Raw data ->
◇ ◇ ◇ ◇

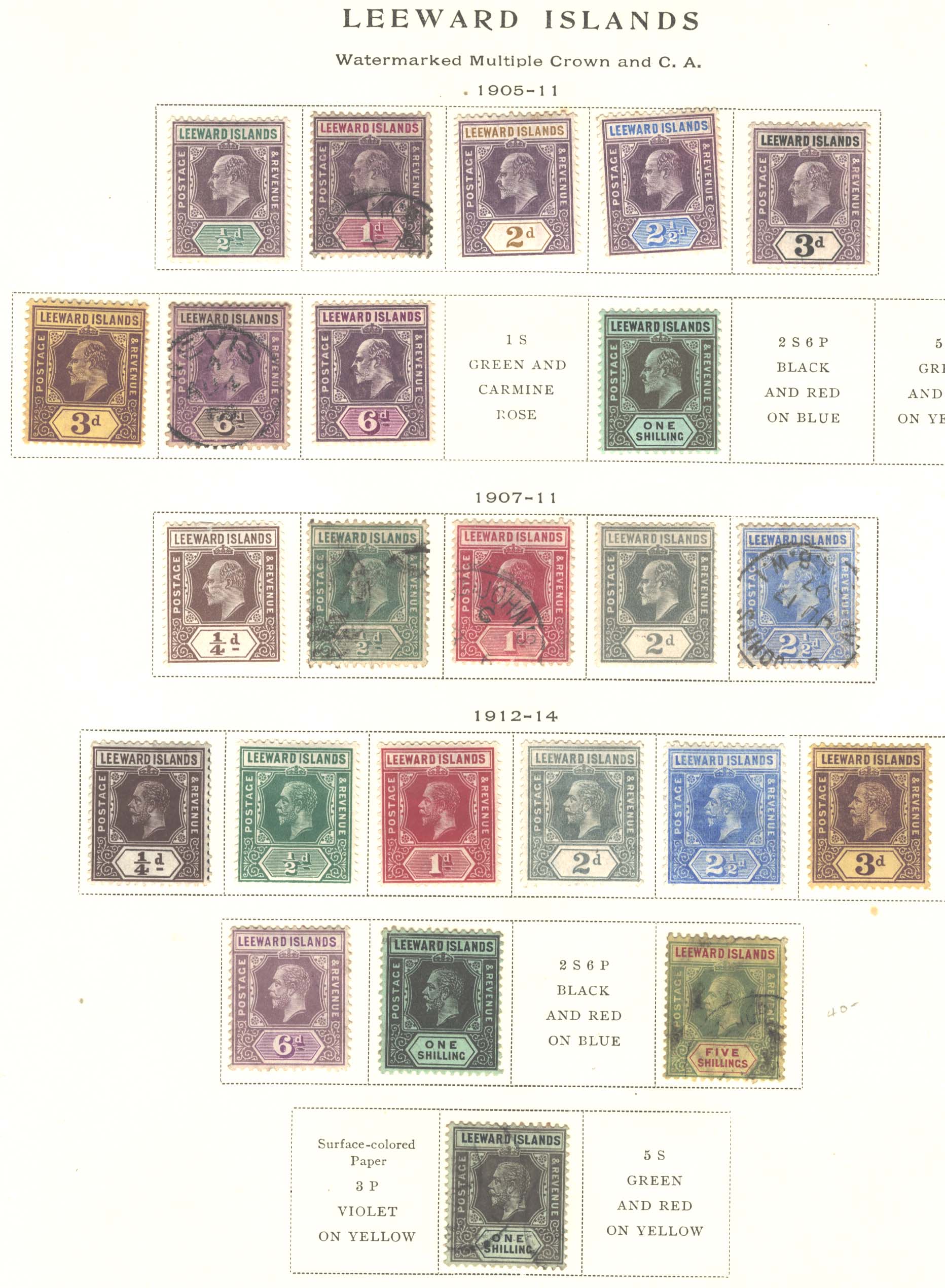 Leeward Is 1905-12 m&u range incl 1905 6d, 1s fine mint, 1912 ½d – 1s fine mint, 5s good used, 1s white back good used cat £400+ [ref: 292/828 b07/9e0894]
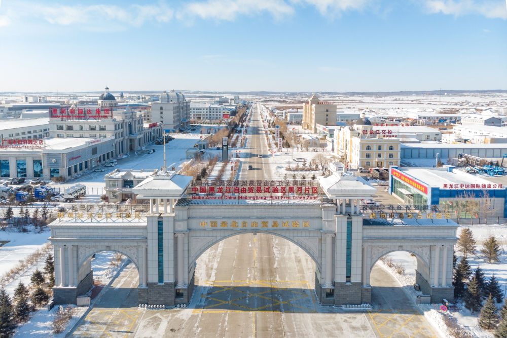 這是2024年1月31日拍攝的中國(黑龍江)自由貿(mào)易試驗(yàn)區(qū)黑河片區(qū)(無人機(jī)照片)。五年來,中國(黑龍江)自由貿(mào)易試驗(yàn)區(qū)將“試驗(yàn)田”種成“高產(chǎn)田”,以全省萬分之三的面積,貢獻(xiàn)了全省約五分之一的實(shí)際使用外資和七分之一的外貿(mào)進(jìn)出口,在對(duì)外合作、降低物流成本、培育特色產(chǎn)業(yè)和新業(yè)態(tài)新模式等方面深入探索,成功產(chǎn)出超過300項(xiàng)制度創(chuàng)新成果。
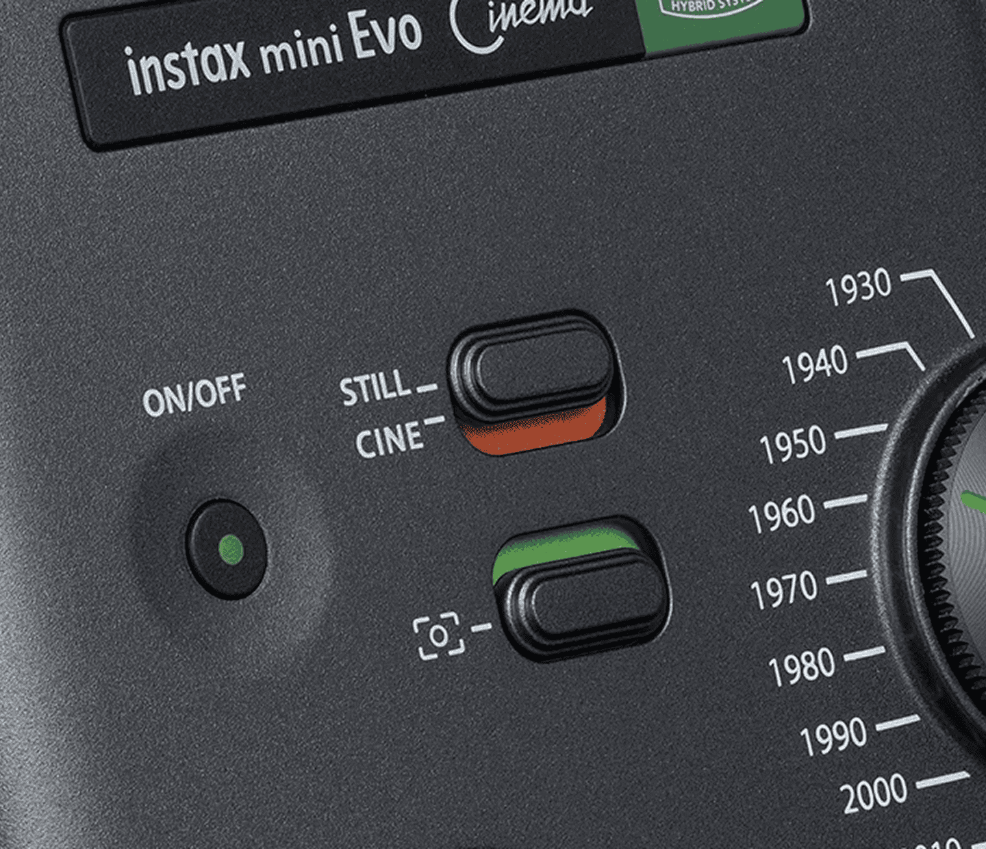 Built with ‘feeling’ in mind, the instax mini Evo Cinema™ hybrid instant camera comes with an analog-style printing operation lever – lift, twist and print. There’s even the satisfying ‘click’ to go with every turn.

◇ ◇ ◇ ◇

About this task -> The listing above must be restated word for word. Its pictures are to be left out.

Exercise answer ->
 Leeward Is 1905-12 m&u range incl 1905 6d, 1s fine mint, 1912 ½d – 1s fine mint, 5s good used, 1s white back good used cat £400+ [ref: 292/828 b07/9e0894]
 這是2024年1月31日拍攝的中國(黑龍江)自由貿(mào)易試驗(yàn)區(qū)黑河片區(qū)(無人機(jī)照片)。五年來,中國(黑龍江)自由貿(mào)易試驗(yàn)區(qū)將“試驗(yàn)田”種成“高產(chǎn)田”,以全省萬分之三的面積,貢獻(xiàn)了全省約五分之一的實(shí)際使用外資和七分之一的外貿(mào)進(jìn)出口,在對(duì)外合作、降低物流成本、培育特色產(chǎn)業(yè)和新業(yè)態(tài)新模式等方面深入探索,成功產(chǎn)出超過300項(xiàng)制度創(chuàng)新成果。
 Built with ‘feeling’ in mind, the instax mini Evo Cinema™ hybrid instant camera comes with an analog-style printing operation lever – lift, twist and print. There’s even the satisfying ‘click’ to go with every turn.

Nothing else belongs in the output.